> [Material to process]:

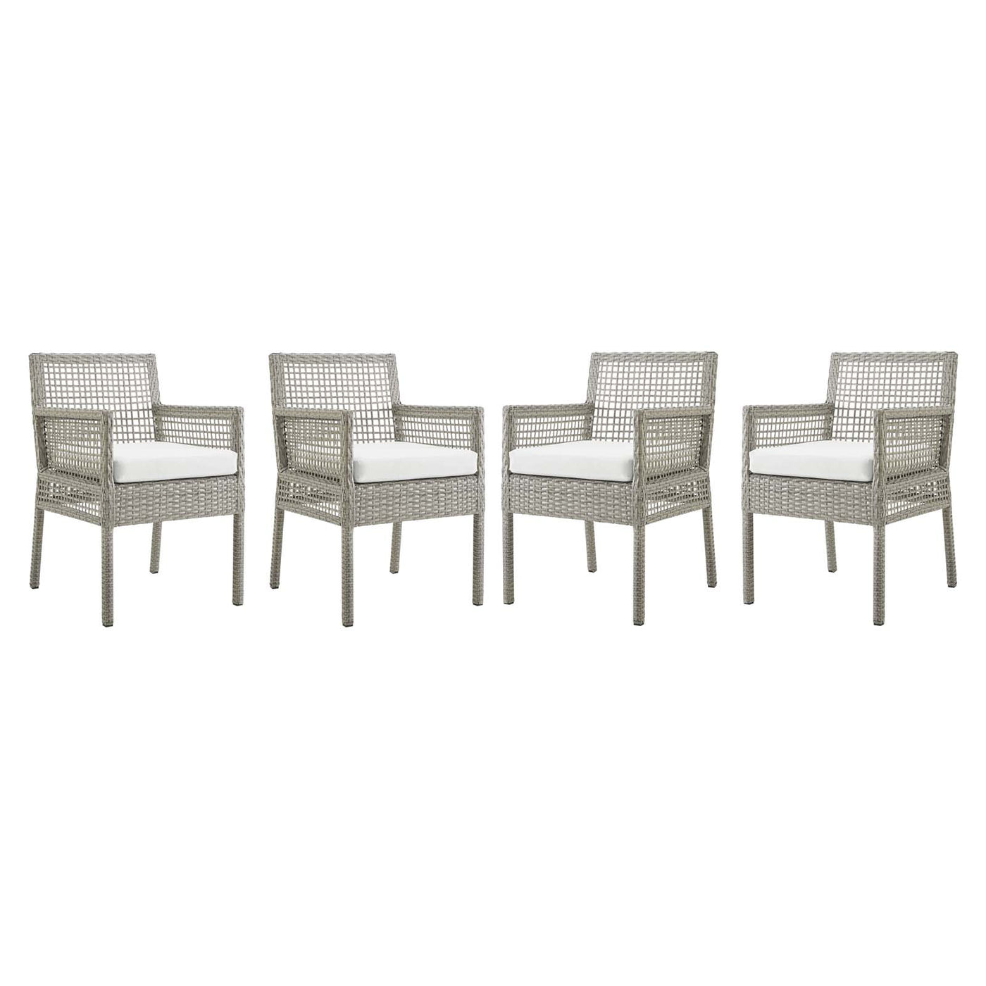 Aura Dining Armchair Outdoor Patio Wicker Rattan Set Of 4 - Gray White
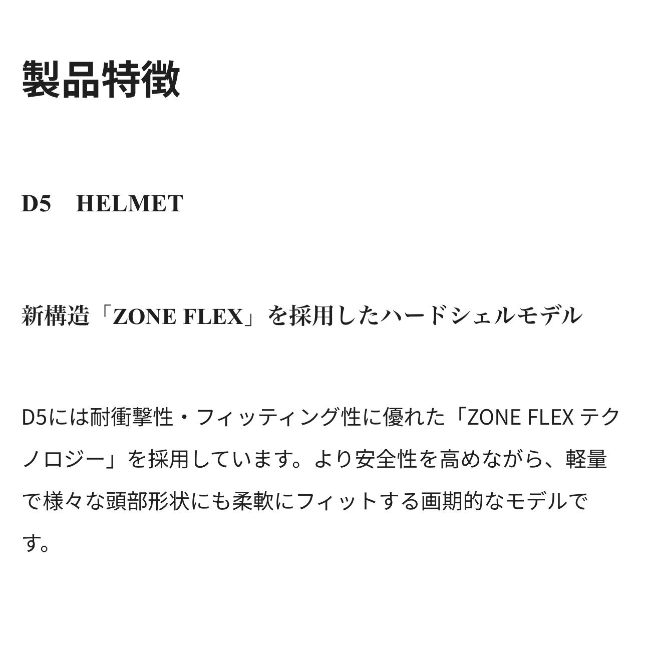 D5には耐衝撃性・フィッティング性に優れた「ZONE FLEX テクノロジー」を採用しています。より安全性を高めながら、軽量で様々な頭部形状にも柔軟にフィットする画期的なモデルです。
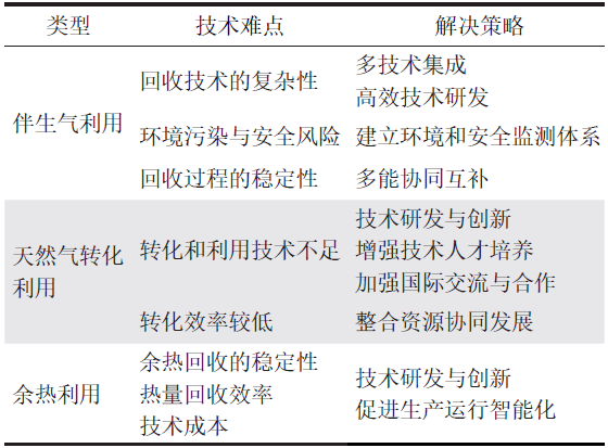 “碳减排”主要指在油气开采、净化、利用等各个环节有机融入节能减排技术,伴生气、天然气转化利用、余热利用等面对的主要技术难点如表5 所示,降低成本、提高效率、过程稳定、环境保护依然是共性问题[63-66]。但与“CCUS”技术相比,“碳减排” 技术相对成熟,在技术提升的同时,推广运用是当前首要任务。结合表2 可知,我国余热利用与伴生气回收技术相对成熟,但回收过程的稳定性与回收效率仍需技术攻关。
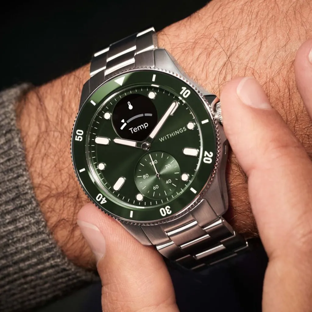 Montre Withings Scanwatch Nova Acier Inoxydable Ronde Argente Connectee 42mm Fond Vert Bracelet Acier Inoxydable Argente Wswngreen
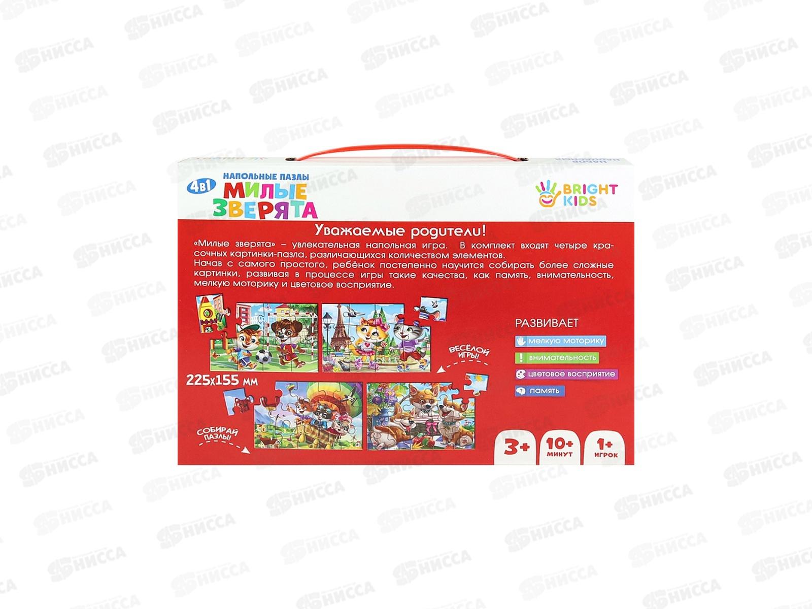 Пазл напольный 4в1. Милые зверята, П-0493, Bright Kids
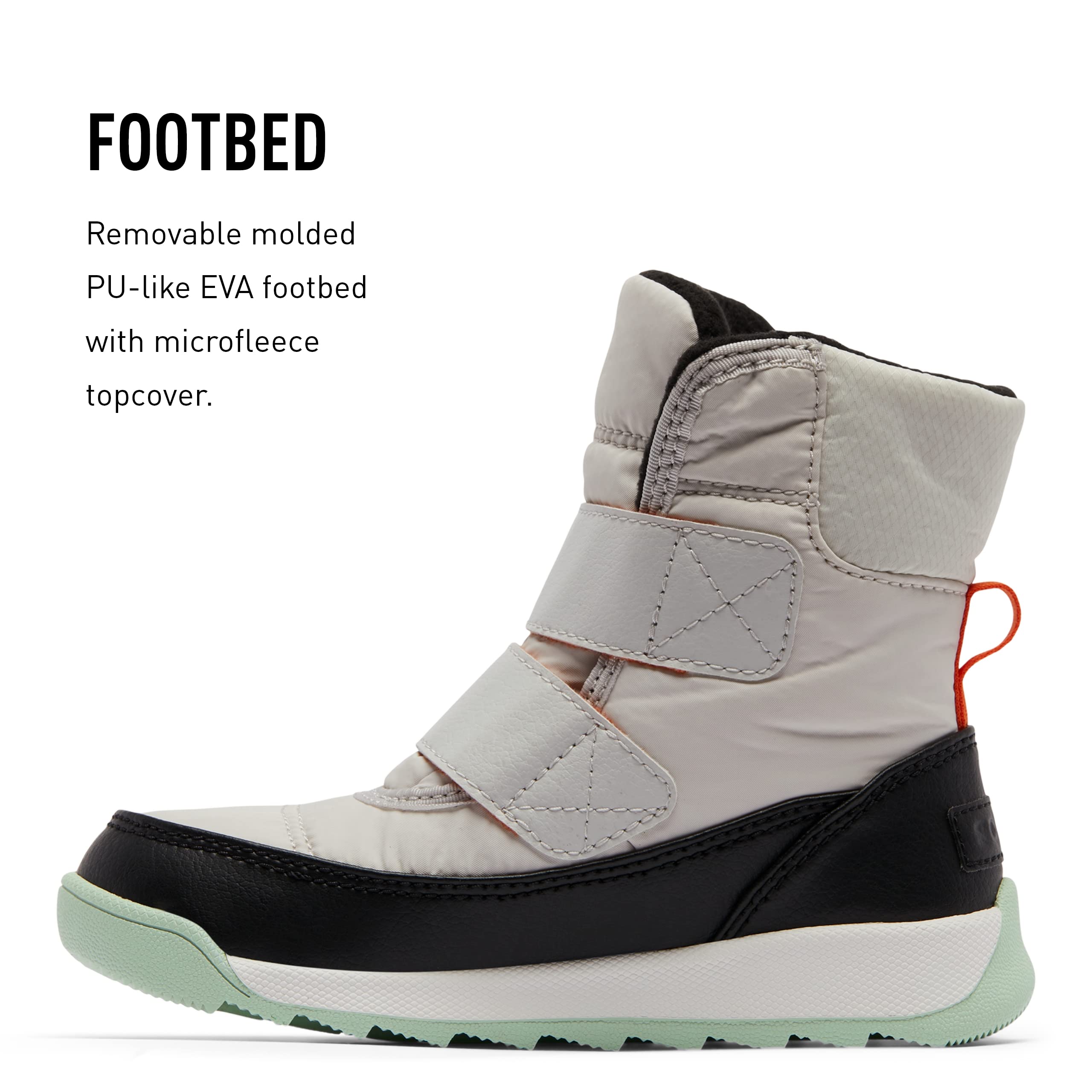 Function & Comfort: Waterproof construction with removable, molded, PU-like EVA footbed with microfleece top cover; molded-rubber outsole construction improves traction
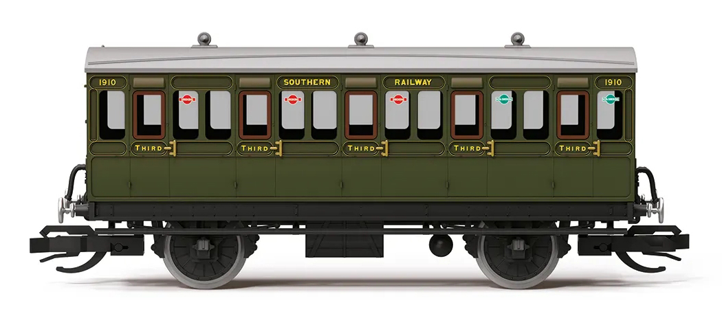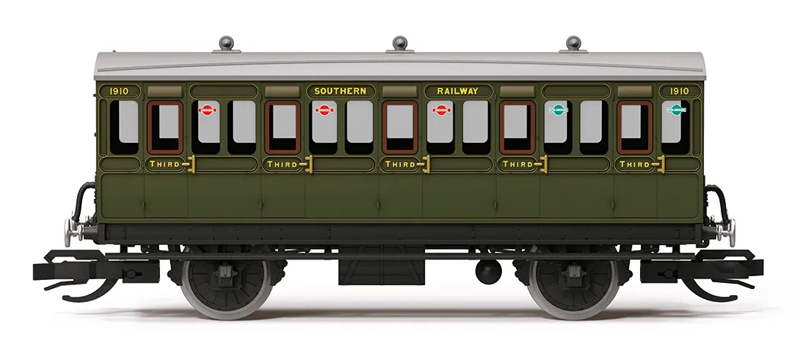 | osobní vůz tmavě zelený se světle šedou střechou „Third Class Coach“ |

> [Goal of the exercise]:
Here the lines from the one containing "Пазл напольный 4в1." through the end of the material are to be copied exactly, with the pictures omitted.

> [Completed task]:
 Пазл напольный 4в1. Милые зверята, П-0493, Bright Kids
 Function & Comfort: Waterproof construction with removable, molded, PU-like EVA footbed with microfleece top cover; molded-rubber outsole construction improves traction
 | osobní vůz tmavě zelený se světle šedou střechou „Third Class Coach“ |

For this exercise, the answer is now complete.